Why Your Zebrafish Data Just Got a Lot More Interesting
The practical upshot is this: experiments that were previously impractical become routine. Want to track 100 zebrafish for hours? Go ahead. Want to study how social dynamics shift across dozens of trials? The processing time is no longer the thing standing between you and your results. Researchers studying collective animal neuroscience - an emerging field trying to understand how brains coordinate behavior in groups - suddenly have a pipeline that can keep up with their ambitions.
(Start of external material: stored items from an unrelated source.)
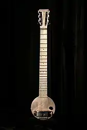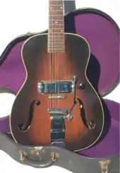 By early-mid 1935, Electro String Instrument Corporation had achieved success with the "Frying Pan", and set out to capture a new audience through its release of the Electro-Spanish Model B and the Electro-Spanish Ken Roberts, which was the first full 25-inch scale electric guitar ever produced.[14][9][10][11][12] The Electro-Spanish Ken Roberts was revolutionary for its time, providing players a full 25-inch scale, with easy access to 17 frets free of the body.[15] Unlike other lap-steel electrified instruments produced during the time, the Electro-Spanish Ken Roberts was designed to play while standing upright with the guitar on a strap, as with acoustic guitars.[15] The Electro-Spanish Ken Roberts was also the first instrument to feature a hand-operated vibrato as a standard arrangement,[15] a device called the "Vibrola", invented by Doc Kauffman.[15] [16] It is estimated that fewer than 50 Electro-Spanish Ken Roberts were constructed between 1933 and 1937; fewer than 10 are known to survive today.[9][10][11][12]
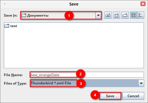2. Укажите расположение, имя файла, выберите расширение .eml и нажмите «Save».
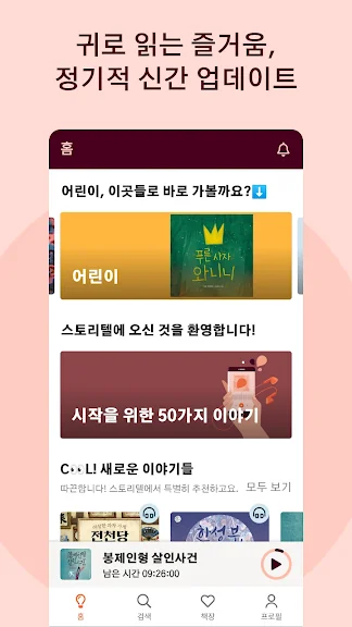 언제 어디서 무얼 하시든, 내게 맞는 이야기를 곧바로 찾아 들으실 수 있어요.
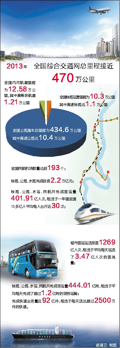 铁路、公路、水运、民航共完成客运量401.91亿人次,相当于一年里全国13多亿人平均每人出行近30次;

And here's the quietly elegant part: the new system doesn't need any manual labeling. It's entirely self-supervised, pulling its training signal from the natural structure of the video itself. Animals swim, walk, and fly past each other, and every crossing becomes a free lesson in who's who. The video is the curriculum.
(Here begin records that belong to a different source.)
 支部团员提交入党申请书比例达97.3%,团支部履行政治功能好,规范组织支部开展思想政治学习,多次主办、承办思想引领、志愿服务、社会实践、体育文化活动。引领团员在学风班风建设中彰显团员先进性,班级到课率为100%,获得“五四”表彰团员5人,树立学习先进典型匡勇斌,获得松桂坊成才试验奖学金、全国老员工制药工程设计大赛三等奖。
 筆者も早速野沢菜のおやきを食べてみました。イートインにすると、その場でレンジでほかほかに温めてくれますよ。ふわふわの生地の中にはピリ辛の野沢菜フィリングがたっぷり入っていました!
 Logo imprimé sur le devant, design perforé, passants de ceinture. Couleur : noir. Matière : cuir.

(I find something almost poetic in that. The animals teach the algorithm to see them, just by being themselves.)
References
-
Torrents, J., Costa, T., & de Polavieja, G. (2026). New idtracker.ai rethinks multi-animal tracking as a representation learning problem to increase accuracy and reduce tracking time. eLife, 12, e107602. DOI: 10.7554/eLife.107602 | PMID: 41983457
-
Romero-Ferrero, F., Bergomi, M. G., Hinz, R. C., Heras, F. J. H., & de Polavieja, G. G. (2019). idtracker.ai: tracking all individuals in small or large collectives of unmarked animals. Nature Methods, 16, 179-182. DOI: 10.1038/s41592-018-0295-5 | PMID: 30643215
-
Pereira, T. D., Tabris, N., Matsliah, A., et al. (2022). SLEAP: A deep learning system for multi-animal pose tracking. Nature Methods, 19, 486-495. DOI: 10.1038/s41592-022-01426-1
-
Mathis, A., Mamidanna, P., Cury, K. M., et al. (2018). DeepLabCut: markerless pose estimation of user-defined body parts with deep learning. Nature Neuroscience, 21, 1281-1289. DOI: 10.1038/s41593-018-0209-y
-
Chen, X., Wangsanata, I., & Bhatt, S. (2024). Deep learning in multiple animal tracking: A survey. Computers and Electronics in Agriculture, 224, 109161. DOI: 10.1016/j.compag.2024.109161
-
Bhatt, S., et al. (2022). Toward collective animal neuroscience. Science, 377(6611), 1150-1151. DOI: 10.1126/science.abm3060
Disclaimer: The image accompanying this article is for illustrative purposes only and does not depict actual experimental results, data, or biological mechanisms.